* **Problem to solve**:
Here is a listing, set out below; repeat its lines from the one with "Peugeot выкидной ключ" to the last, both included, and leave out the pictures.

* **Data section**:
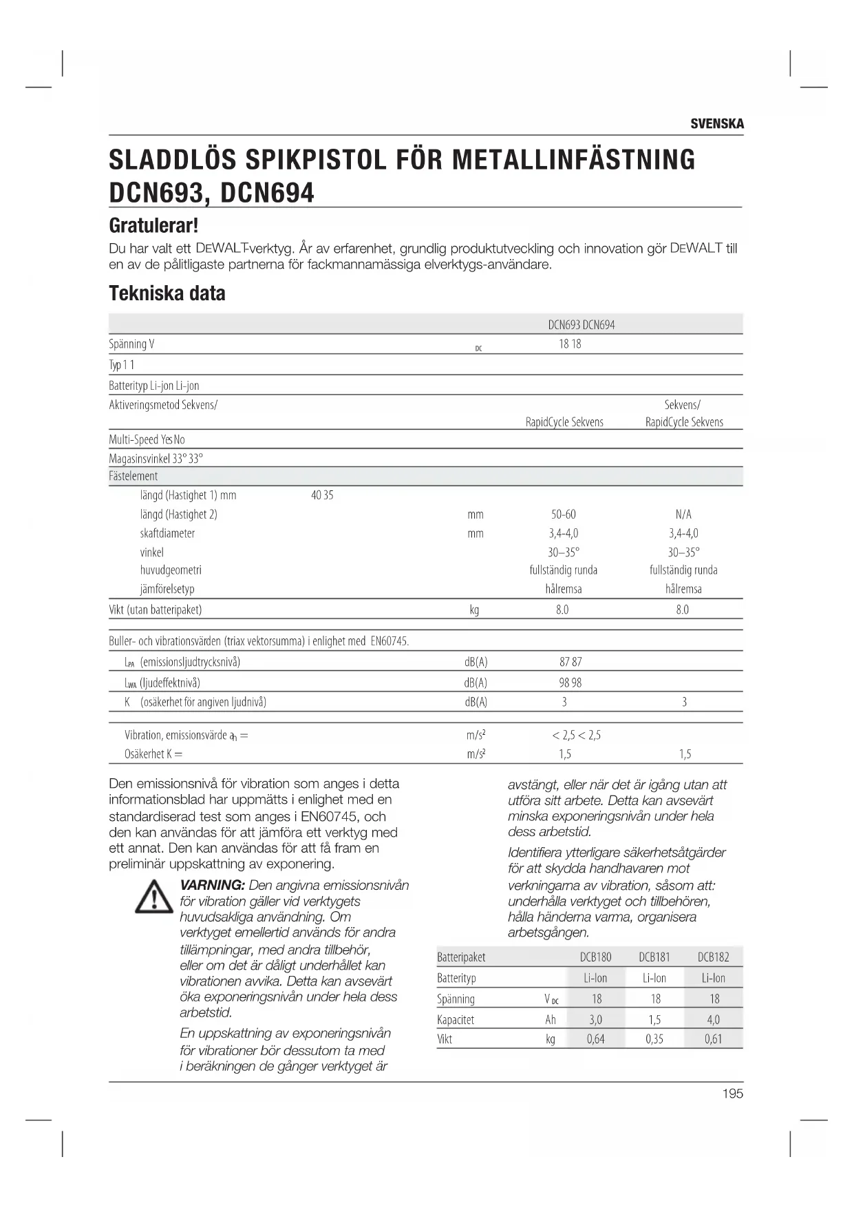 -korjauspalveluun.195 svenska Gratulerar! Du har valt ett DeWALT -verktyg. År av erfarenhet, grundlig produktutveckling och innovation gör DeWALT till en av de pålitligaste partnerna för fackmannamässiga elverktygs-användare. Tekniska data DCN693 DCN694 Spänning V
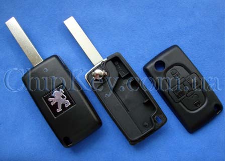 Peugeot выкидной ключ (корпус) 4 кнопки, лезвие HU83T, без крепления для батарейки
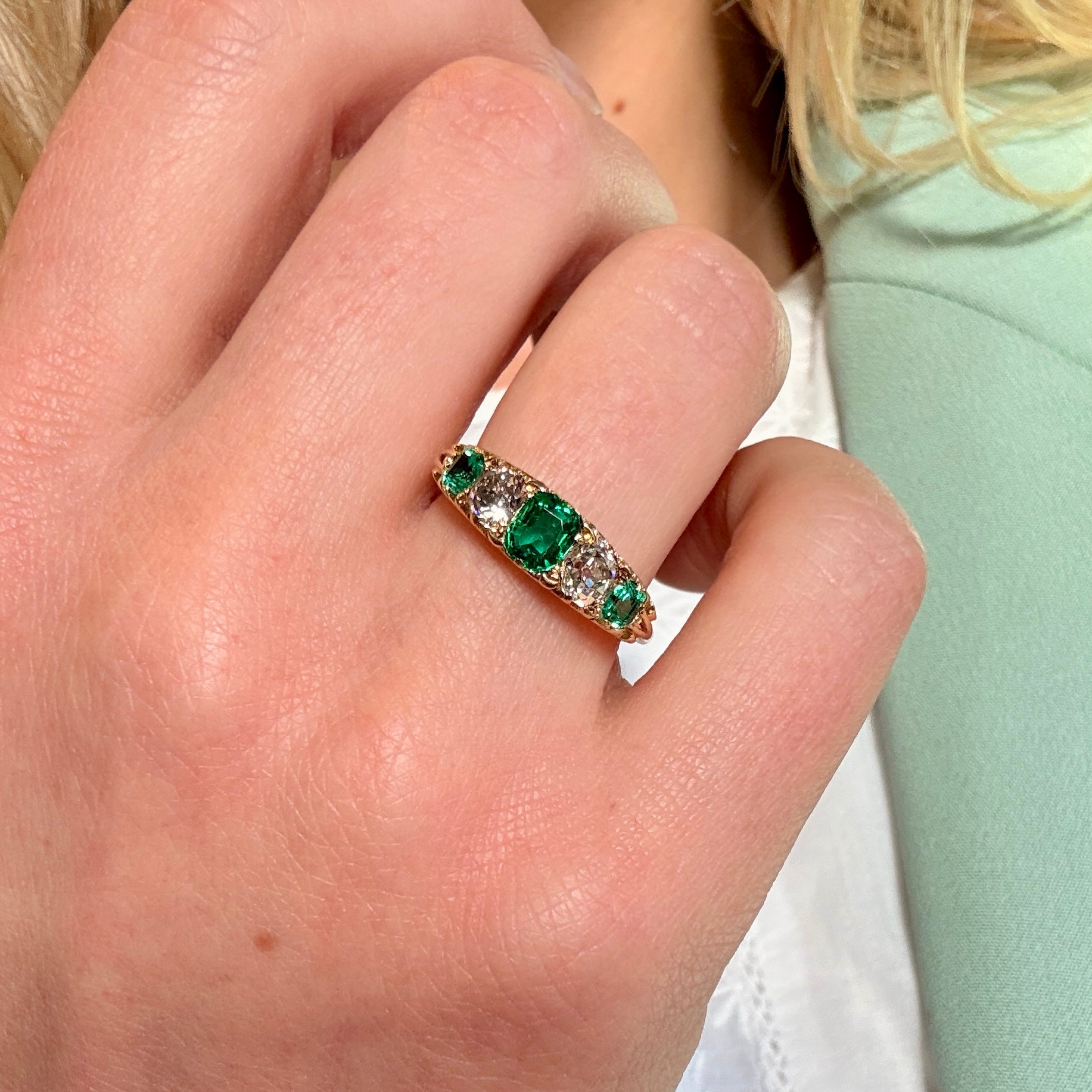Victorian Colombian Emerald and Old Cut Diamond Ring-Charlotte Sayers Antique Jewellery
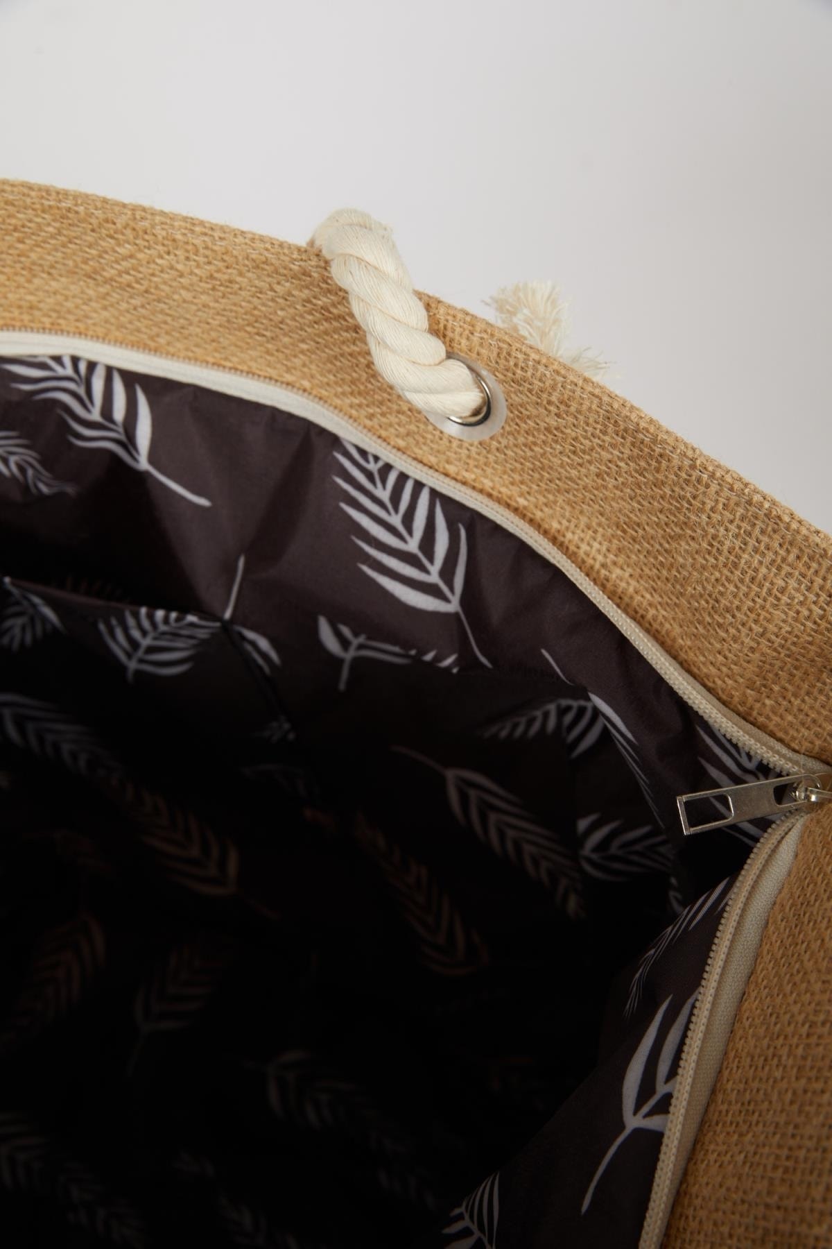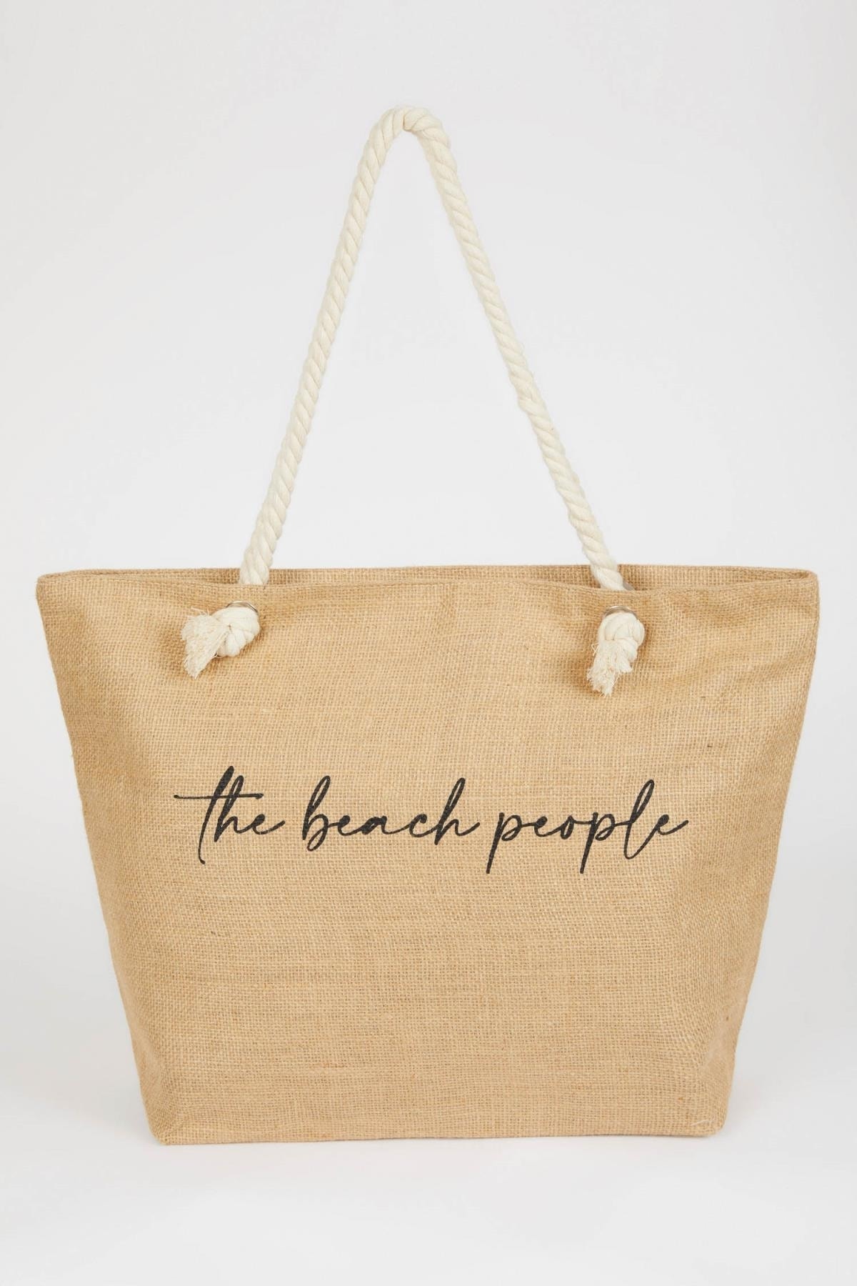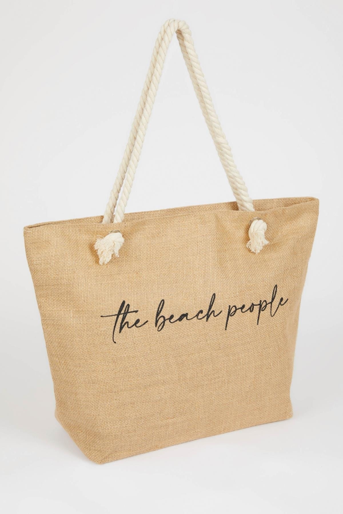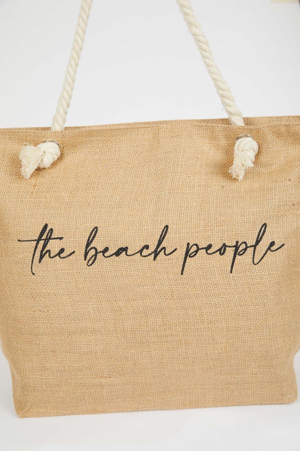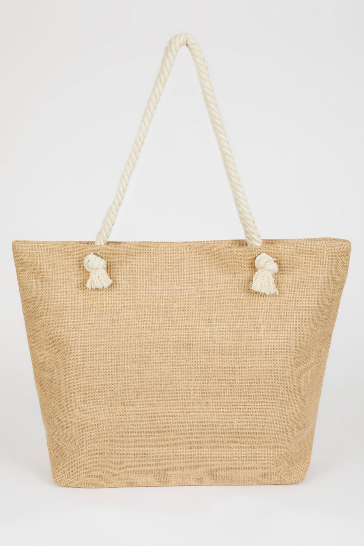 Bej renkli baskılı büyük hacimli ve halat ip askılı modeli ile mayo ve bikinilerinizle kombinleyeceğiniz şık tasarıma sahip bu yaz vazgeçilmeziniz olacak DeFacto Kadın Plaj Çantası.

* **Response**:
 Peugeot выкидной ключ (корпус) 4 кнопки, лезвие HU83T, без крепления для батарейки
Victorian Colombian Emerald and Old Cut Diamond Ring-Charlotte Sayers Antique Jewellery
 Bej renkli baskılı büyük hacimli ve halat ip askılı modeli ile mayo ve bikinilerinizle kombinleyeceğiniz şık tasarıma sahip bu yaz vazgeçilmeziniz olacak DeFacto Kadın Plaj Çantası.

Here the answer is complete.